Amid renewed concern about whether chronic wasting disease can jump from deer to people, a fatal human brain condition in the same family is showing up more often in Wisconsin and nationally.
It’s happening as state testing for the deer disease is down, and hunters routinely opt not to test deer killed in affected zones.
In 2002, the year CWD was discovered in Wisconsin, six cases of Creutzfeldt-Jakob disease were recorded, according to the state Department of Health Services. In two of the last four years, 13 cases have been recorded. That’s a 117% increase.
Nationally, there also has been an increase in cases of Creutzfeldt-Jakob. In 2002, there were 260 cases, compared with 481 in 2015, an 85% increase, according to data from the U.S. Centers for Disease Control and Prevention.

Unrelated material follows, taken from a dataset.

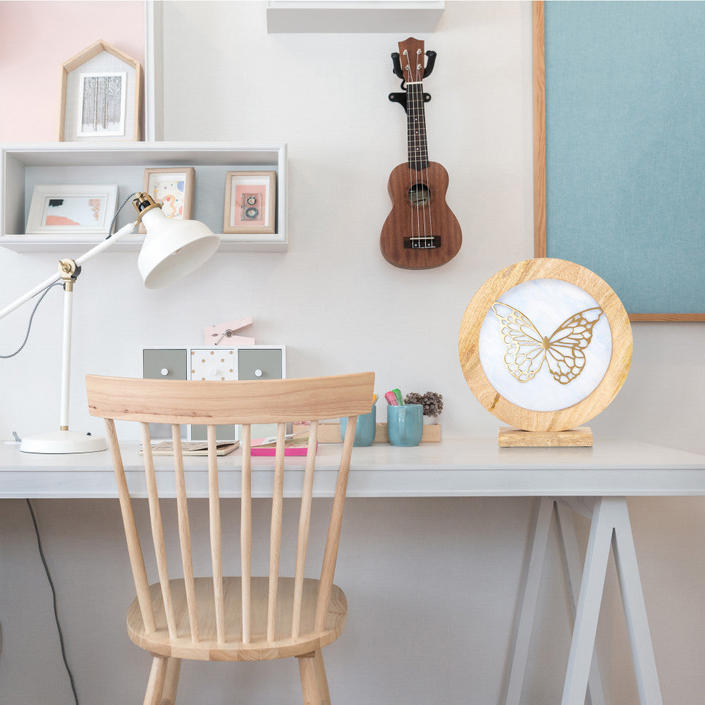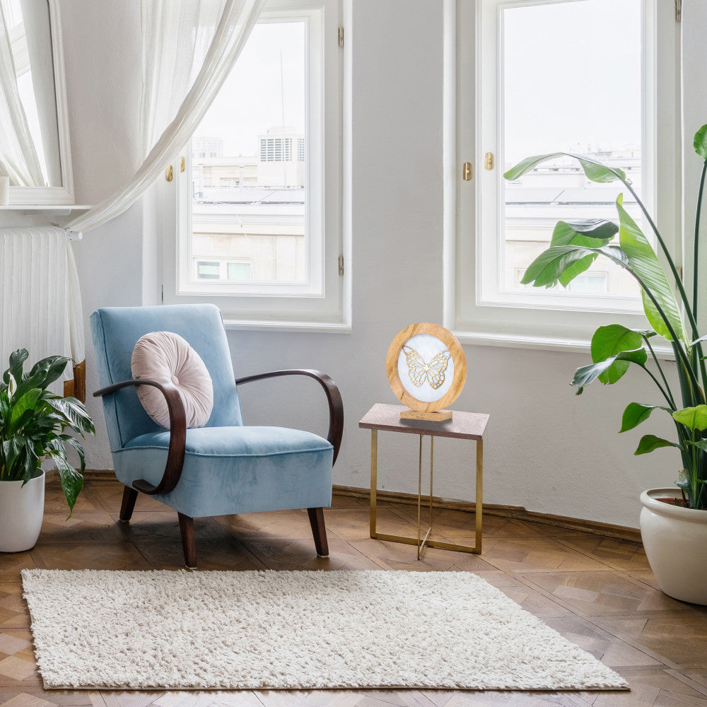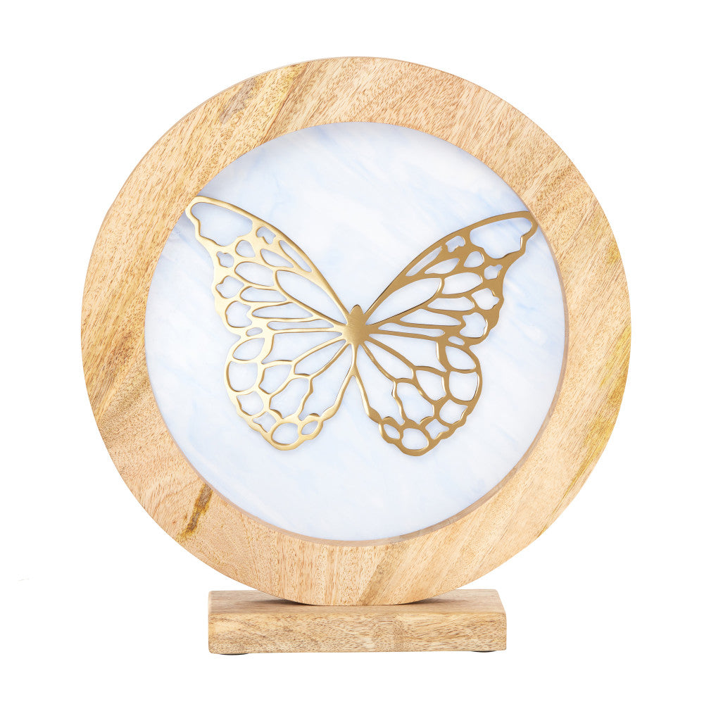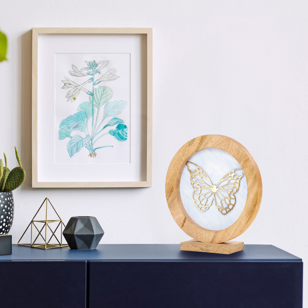 14" W Butterfly Theme Round Decorative Stained Glass & Metal Stand with Wood Frame

Creutzfeldt-Jakob is closely related to the form of mad cow disease that infected people, primarily in Great Britain, in the late 1990s and early 2000s, after they ate beef from infected cows. Indeed, human mad cow disease is known as variant-Creutzfeldt-Jakob. Both diseases attack the brain, and death usually occurs within a year.
The increase in Wisconsin comes as chronic wasting disease — which, like Creutzfeldt-Jakob, is caused by infectious agents known as prions — continues to spread among deer. Like its human counterparts, CWD also attacks the brain and is always fatal.
In Wisconsin, it appeared initially to be confined to a core area of western Dane County and eastern Iowa County. Today, there are 18 counties where CWD has been found in the wild deer population, according to state figures. Nationally, CWD is known to exist in at least 21 states.